My white suit is always sort of off white when you look at up close. Almost Egg white dare I say. When I bust down a door into a room and start break dancing there's always one lady who's just not that impressed with the whole thing. (Rick Dugan, always unanimous, always) When I strut down the street to the bee gees, I'm usually slightly out of step.
I'll go to my grave knowing that I'll just never be Rick Dugan. I always wanted to bitches flock to me whenever I step in room, 😿 sniff, excuse me...I'm sorry....sorry everyone.... it always my dream. But just know....just know that I gave it my all.


Muddy ape, if you think you’re qualified to be the dugan’s stunt double you’re sorely mistaken.
Lemme tell you somethin’ muddy ape.

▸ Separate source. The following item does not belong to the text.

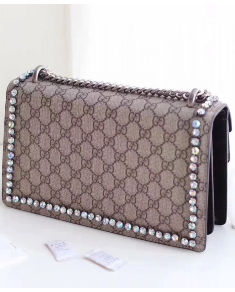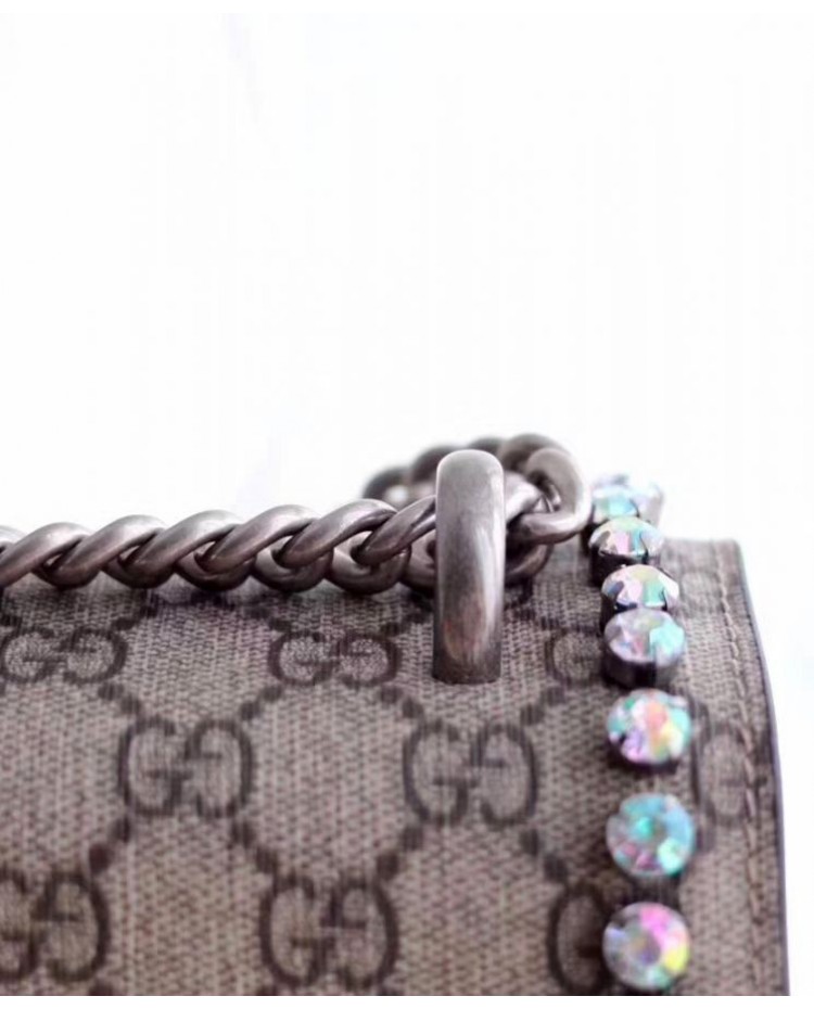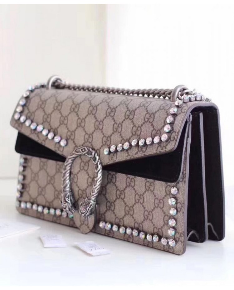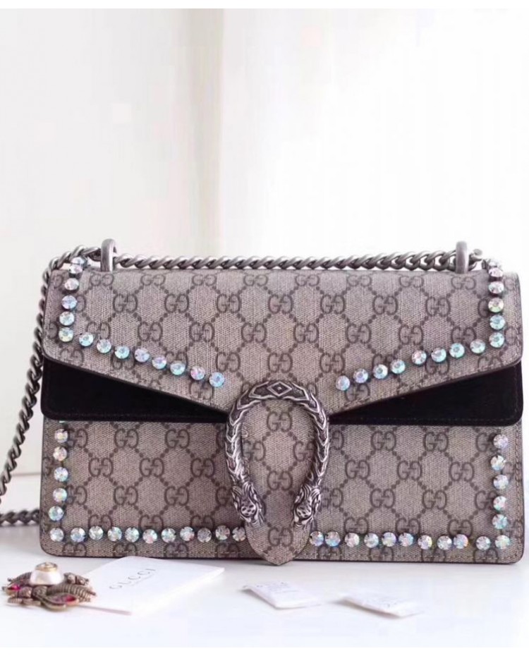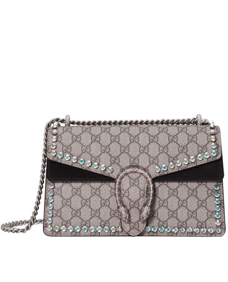 Reviews Over Gucci Dionysus GG Supreme shoulder bag with crystals 400249

There is a reason why there is no muddy the lion. No self-respecting lion would ever call himself muddy. Muddy just ain’t cool enough to be a lion name.
You know what name is cool enough for the coolest lion? That’s right…rick! As the coolest lion on the planet - and therefore the coolest non-barnacle organism - yours truly gets to go by rick. Since the dugan is the coolest hairless ape on the planet he goes by rick as well. See how that works?